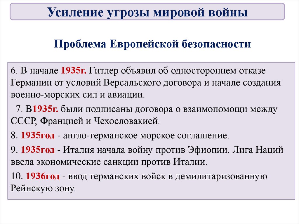 3. Усиление угрозы мировой войны.
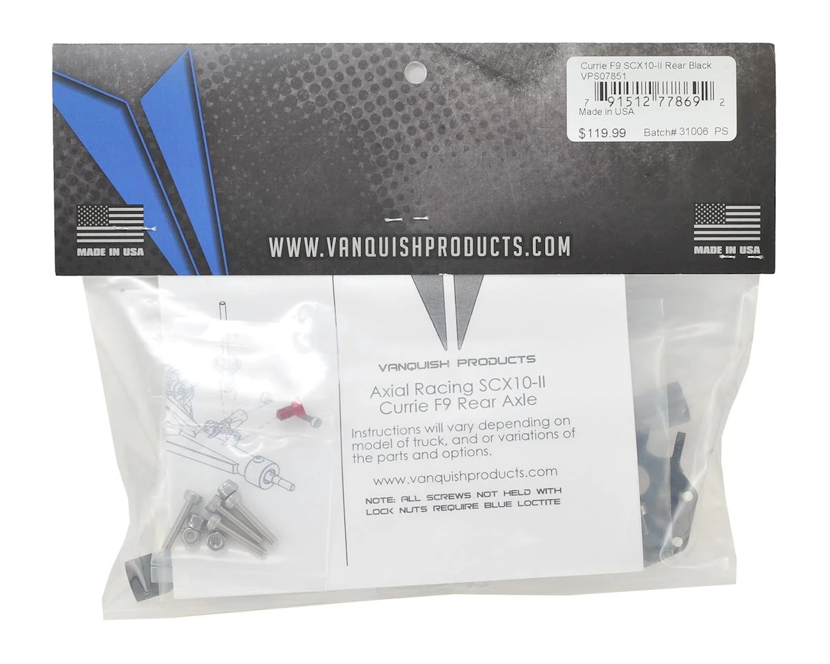 - Vanquish Products Currie F9 Aluminum Axle for Axial SCX10-II and VS410 trucks
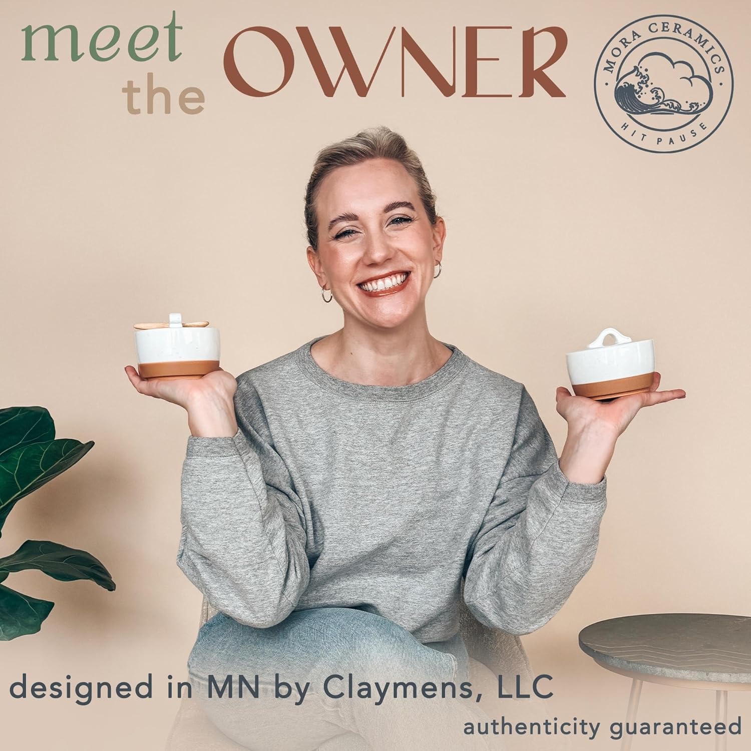 Mora Ceramic Salt and Pepper Cellar Set with Lid - 10 oz Modern Canister/Container/Bowl for Storage, Sea Salt, Spice, Sugar, Countertop - Small Dish/Jar with Wood Spoon, White Crock
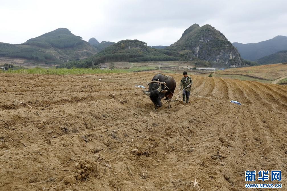 2月25日,广西来宾市忻城县城关镇村民在犁地,准备种植甘蔗。
━━━━
TASK PROMPT =
Would you return all the data exactly as given, minus the pictures?

TASK OUTPUT =
 3. Усиление угрозы мировой войны.
 - Vanquish Products Currie F9 Aluminum Axle for Axial SCX10-II and VS410 trucks
 Mora Ceramic Salt and Pepper Cellar Set with Lid - 10 oz Modern Canister/Container/Bowl for Storage, Sea Salt, Spice, Sugar, Countertop - Small Dish/Jar with Wood Spoon, White Crock
 2月25日,广西来宾市忻城县城关镇村民在犁地,准备种植甘蔗。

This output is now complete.